Background: Mullerian anomalies are of many types, and it is very difficult to classify them in a simple method and plan reconstructive surgery. The aims, objective and the reconstructive surgical approach varies according to the level of vaginal agenesis as seen in our experience of management of 11 cases. The difficulties in the perception and interpretation of the surgical anatomy on magnetic resonance imaging can be minimized by placing a soft vaginal mold inside the lower developed vaginal segment in cases with transverse vaginal septum. Methods: Retrospective observational study. Results: All the operated 10 adult patients showed good created vaginal space which helped in creating good bonding in between the couples to maintain the integrity of marriage. Better successful reconstructive surgical planning by placing a soft vaginal mould in the vagina during MRI scan helps in understanding the level of septum in our single operated case of transverse vaginal septum and given excellent postoperative result. Conclusion: The impact of surgery on family life and sexual profile of the patient postsurgery on long-term has been mentioned on rare occasion. The preoperative counseling of the couples helps in better postoperative outcome in terms of psychological and sexual satisfaction of the partners and in the treatment of primary amenorrhea and infertility.

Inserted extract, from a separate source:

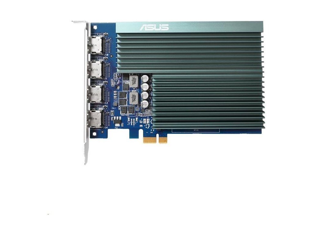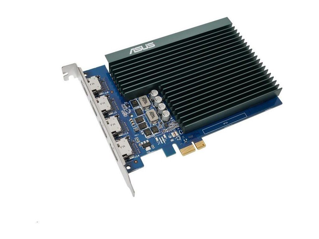 ASUS GeForce GT 730 so 4 portami HDMI a pasívnym chladením, ktoré umožňuje tichú prácu s viacerými monitormi.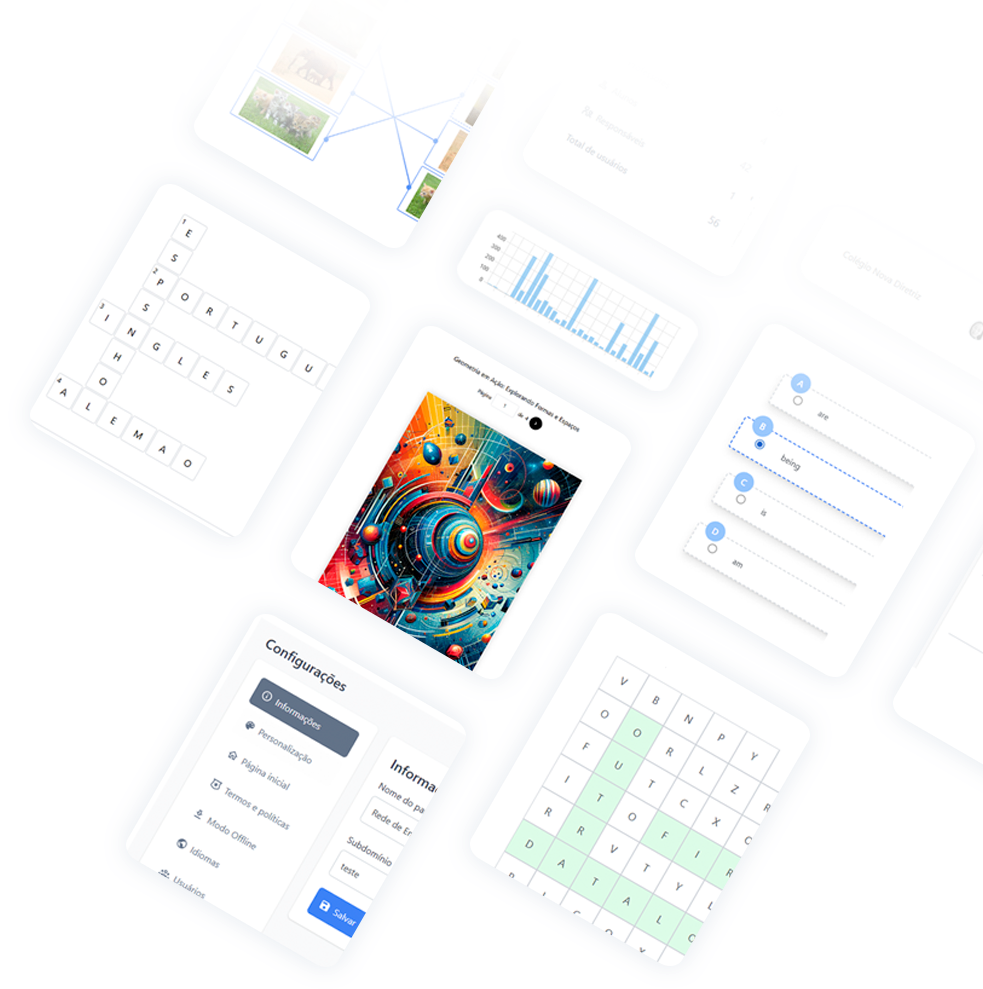 A ferramenta Atividades do Edumais oferece avaliações diversificadas, como provas, questões objetivas e discursivas, jogos interativos e reconhecimento de fala, garantindo uma experiência de aprendizado dinâmica e inovadora.

Keywords: Magnetic resonance imaging with vaginal mold, psychosocial effect, transverse vaginal septum, vaginal agenesis


How to cite this article:
Kala D, Naik NG, Agarwal A. Our experience in the management of vaginal agenesis: Its psychosocial impact and role of contrast magnetic resonance imaging scan with vaginal mold in the interpretation of high transverse vaginal septum. J Hum Reprod Sci 2019;12:67-71

How to cite this URL:
Kala D, Naik NG, Agarwal A. Our experience in the management of vaginal agenesis: Its psychosocial impact and role of contrast magnetic resonance imaging scan with vaginal mold in the interpretation of high transverse vaginal septum. J Hum Reprod Sci [serial online] 2019 [cited 2019 Apr 23];12:67-71. Available from: http://www.jhrsonline.org/text.asp?2019/12/1/67/255784





   Introduction Top


Congenital anomalies of female genital tract are difficult to diagnose at birth. They may present at the time of puberty with primary amenorrhea or present late with infertility or some obstetric complications. Mullerian anomalies may result from maldevelopment of mullerian duct (MD) or defective fusion of duct or failure of resorption. Transverse Vaginal septum results from incomplete fusion between MD and urogenital sinus. The presentation may vary depending on complete or partial septum. In complete septum, presentation occurs early with primary amenorrhea and may be a palpable mass in lower abdomen due to the accumulation of blood. In partial septum, the presentation gets delayed due to egress of some menstrual blood through the septum, and they present late with dysmenorrhea, dyspareunia, or infertility. Magnetic resonance imaging (MRI) is considered to be gold standard for diagnosis of mullerian anomalies. Here, we are discussing our experience of 11 cases of vaginal agenesis with varied presentation and use of soft mold inside the vagina during MRI for diagnosis transverse vaginal septum.


   Materials and Methods Top


Our experiences of 11 cases of MD anomaly are presented in view of:

  • Preoperative diagnosis
  • Counseling of patient and her family members
  • Postoperative care and follow-up result
  • Challenges faced during the diagnostic investigation and entire course of treatment.


Retrospective observational study of 14 cases of agenesis of vagina was done.

Out of these 14 cases, there were 11 adult cases of the age group of 17–25 years and 3 children of 2–8 years. One adult and two children did not follow-up after the first consultation; and hence, our experience of only 11 cases from 2007 to 2017 is discussed. Cases have been studied in respect to age of presentation, complain at the time of presentation, evaluation to know the type of anomaly and managed accordingly.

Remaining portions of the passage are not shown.